Implementing your firm’s strategic plan

Faced with limited areas for growth, increased competition and constantly changing regulations, more financial firms are examining and amending their strategic plans. Many tend to focus on increased concentration on key market segments and related products and solutions. Firms are also dealing with technology-based issues, e.g. which technologies to invest in to avoid obsolescence and how to direct their technology partners that frequently seem to be defining the strategic options a firm can make.  

However, too often the strategic planning process merely comprises checking off an internal box to fulfill regulatory requirements; occasionally it results in significant change. One of the reasons strategic planning has such a negative image at many firms and is frequently seen by many as a painful rather than a constructive exercise, is because this type of planning has been a one-off event instead of an integral part of how the firm manages itself over the ensuing years. 

Creating implementation plans and instituting an implementation planning procedure makes the strategic rubber hit the road. However, many firms eschew establishing a process that produces a clear and well-defined roadmap for executing things. Essentially every internal project that produces recommendations for action should also include the creation of an implementation plan. Instead of an auxiliary, production of an action plan should be the expectation from the get-go.  
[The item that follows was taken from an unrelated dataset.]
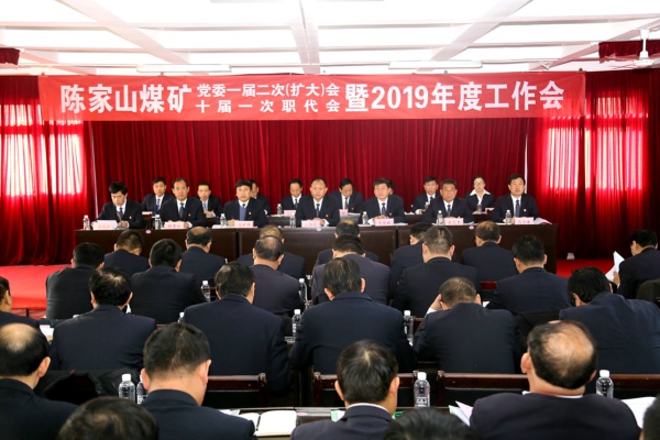 1月11日上午,陳家山煤礦一屆二次黨委(擴大)會、十屆一次職代會暨2019年工作會在該礦機關四樓會議室隆重召開,礦黨委各委員、各領導,十屆職代會職工代表,機關各科(部)室負責人和基層單位負責人共計110余人參加了會議。
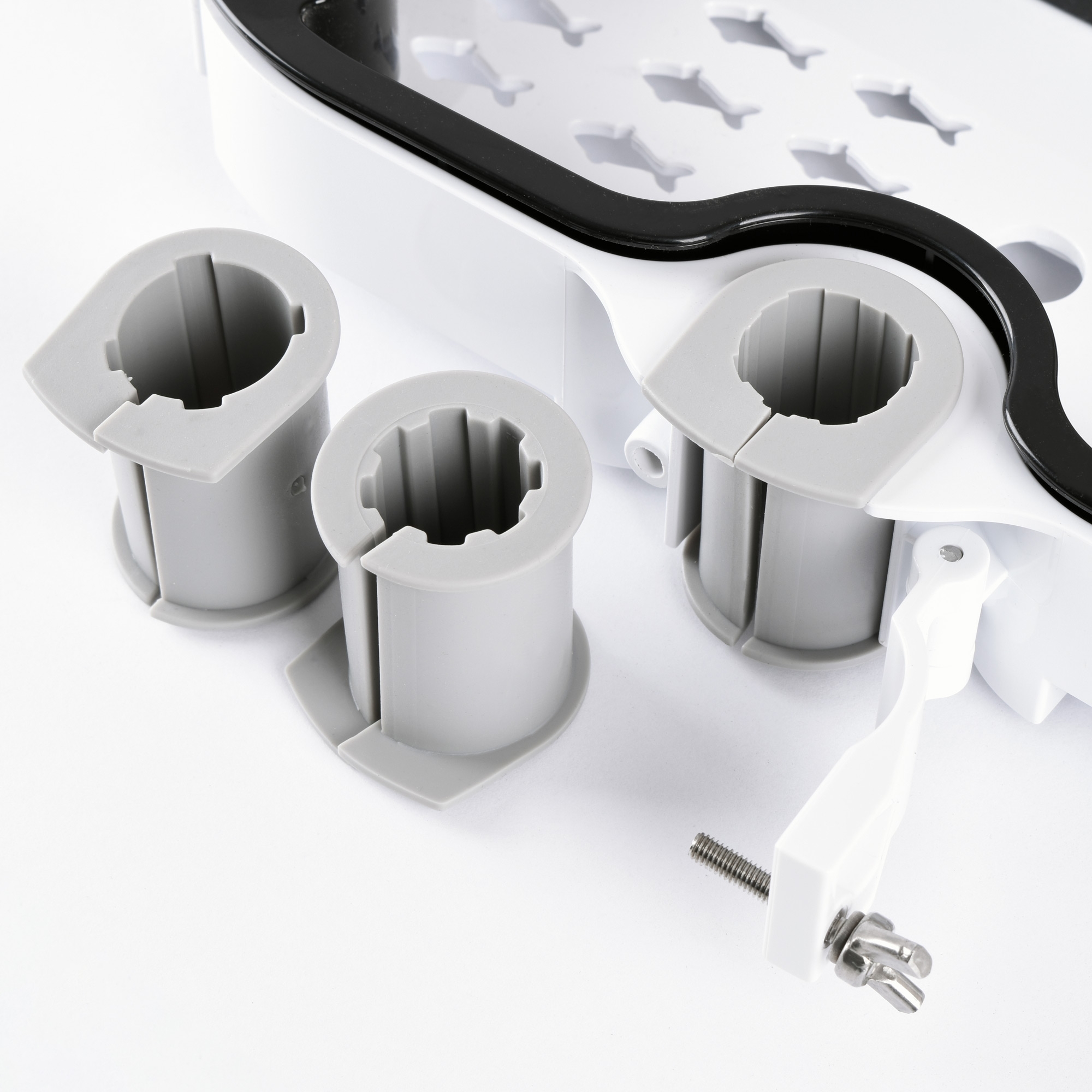 W zestawie: półka, śruba montażowa, 3 silikonowe nakładki na drążek

As mentioned below, for each major strategic initiative and, more generally for all in-house projects, the implementation plan should contain: action steps, responsible person, timing, hurdles/issues that need to be tackled to achieve, and proceeds/costs stemming from the action steps. 

 

Plans and action steps   

Let’s say at the end of your strategizing, management has agreed to five initiatives, one being “Making a cross-firm effort to generate more business with Millennials, Gen X and Gen Y customers.” (Incidentally, this is a good idea considering those groups’ increased prominence.) For this and other initiatives, firms need to craft action steps, such as what explicit actions does the firm need to do to achieve this initiative that focuses on producing more business from this sector? This may require a combination of new products, marketing, employees, or other areas of emphasis. Expanding the initiative should force those involved to agree on what, and very importantly, how to achieve the key steps. 

 

Accountability  

As part of creating the necessary steps, firms need to establish who is responsible for executing each action. Preferably, management should designate one person instead of a committee to complete the actions; frankly, someone should be answerable and also receive the glory for completing a task, building a culture of accountability. 

 

Scheduling   

Normally, firms are tardy to complete assigned tasks. They need to prioritize and concur on a time frame that they will adhere to. Holding one person responsible for a task’s completion helps to reduce its completion time. And, while time frames may slip slightly (which is to be expected), committing to a time frame reduces slippage – and alibis for delays. 

Limitations  

Because someone is liable for finishing an action within a particular period, it is essential and fair that the plan specify any existing and/or foreseen constraints linked to the steps’ conclusion. For example, completing one step may entail the prior completion of another task or the employment of new staff or a vendor concluding a task. Apart from noting any constraints, the person responsible should also state what is being done to alleviate that issue. 

 

Proceeds/costs  

Each task will produce some potential revenue for the firm and/or require some type of investment or expense. Although it is usually easier to estimate costs than revenues, the plan should include both whenever applicable, providing management insight of the value of various tasks and their prioritization versus other prospects. Even though the numbers are estimated to some extent, having a range that can be subsequently adjusted helps as a threshold. 

However, a thorough implementation plan is insufficient. In addition, firms need to appoint someone as the key “Implementation General.” This person manages implementation and converses with senior management regarding any variations or issues that require top management intervention. One facet of that person’s job is to lead regular meetings in which all the key stakeholders participate and report on progress. This also includes senior management occasionally attending these meetings to confirm continued focus on achieving the objectives. 

Essentially, most financial firms are lousy at implementation. Those that believe they are good at it often suffer from fantasy or need to reconsider the benchmarks by which they are judging themselves. Today, more than ever, financial firms need to execute initiatives as quickly and economically as possible.